The annotation can be used to overwrite this global limit: Function inlining can be enforced if no argument is specified. Inlining will be disabled if 0
is specified.
Example:
(: disable function inlining; the full stack trace will be shown... :)
declare %basex:inline(0) function local:e() { error() };
local:e()
Result:
Stopped at query.xq, 1/53:
[FOER0000] Halted on error().
Stack Trace:
- query.xq, 2/9
Lazy Evaluation[edit]
%basex:lazy
enforces lazy evaluation of a global variable. An example:
Example:
declare %basex:lazy variable $january := doc('does-not-exist.xml');
if(month-from-date(current-date()) = 1) then $january else ()

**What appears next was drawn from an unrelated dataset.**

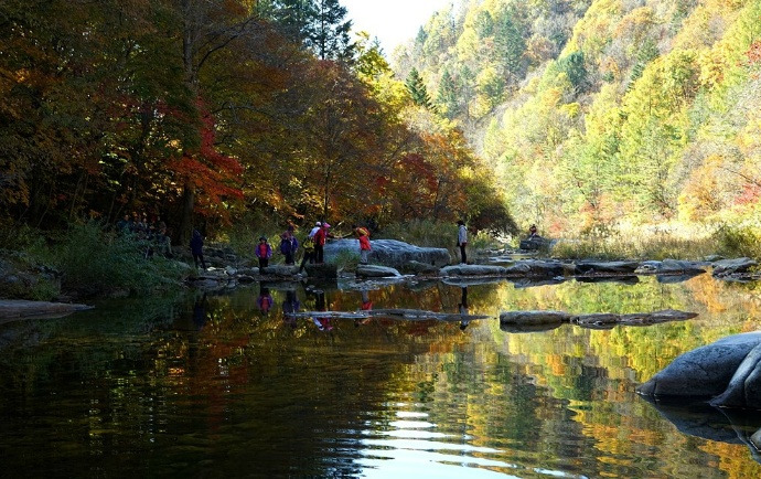 특히 능선과 능선을 잇는 높이 50m의 구름다리 위에서 바라보는 단풍 숲의 전경은 두고두고 잊혀지지 않을 만큼 진한 감동을 선사한다. 또 계곡을 끼고 수 km에 달하는 메타스퀘이아 나무도 일품이다.

The annotation ensures that an error is only raised if the condition yields true. Without the annotation, the error is always raised if the referenced document is not found.
XQuery Locks[edit]
In analogy with option declarations and pragmas, locks can also set via annotations. See Transaction Management for details and examples.
Namespaces[edit]
In XQuery, some namespaces are statically bound to prefixes. The following query requires no additional namespaces declarations in the query prolog:
<xml:abc xmlns:prefix='uri' local:fn='x'/>,
fn:exists(1)
In BaseX, various other namespaces are predefined. Apart from the namespaces that are listed on the Module Library page, the following namespaces are statically bound:
Description | Prefix | Namespace URI |
---|---|---|
BaseX Annotations, Pragmas, … | basex
|
http://basex.org
|
RESTXQ: Input Options | input
|
http://basex.org/modules/input
|
EXPath Packages | pkg
|
http://expath.org/ns/pkg
|
XQuery Errors | err
|
http://www.w3.org/2005/xqt-errors
|
Serialization | output
|
http://www.w3.org/2010/xslt-xquery-serialization
|
Suffixes[edit]
In BaseX, files with the suffixes .xq
, .xqm
, .xqy
, .xql
, .xqu
and .xquery
are treated as XQuery files. In XQuery, there are main and library modules:
- Main modules have an expression as query body. Here is a minimum example:
'Hello World!'
- Library modules start with a module namespace declaration and have no query body:
module namespace hello = 'http://basex.org/examples/hello';
declare function hello:world() {
'Hello World!'
};
We recommend .xq
as suffix for for main modules, and .xqm
for library modules. However, the actual module type will dynamically be detected when a file is opened and parsed.
Miscellaneous[edit]
Various other extensions are described in the articles on XQuery Full Text and XQuery Update.
Changelog[edit]
- Version 11
- Removed: Elvis operator
?:
, in favor of the newotherwise
expression. - Updated: Renamed from
non-deterministic
tonondeterministic
.
- Version 9.1
- Added: New Expressions: Ternary if, elvis Operator, if without else
- Added: XQuery Locks via pragmas and function annotations.
- Added: Regular Expressions,
j
flag for using Java’s default regex parser.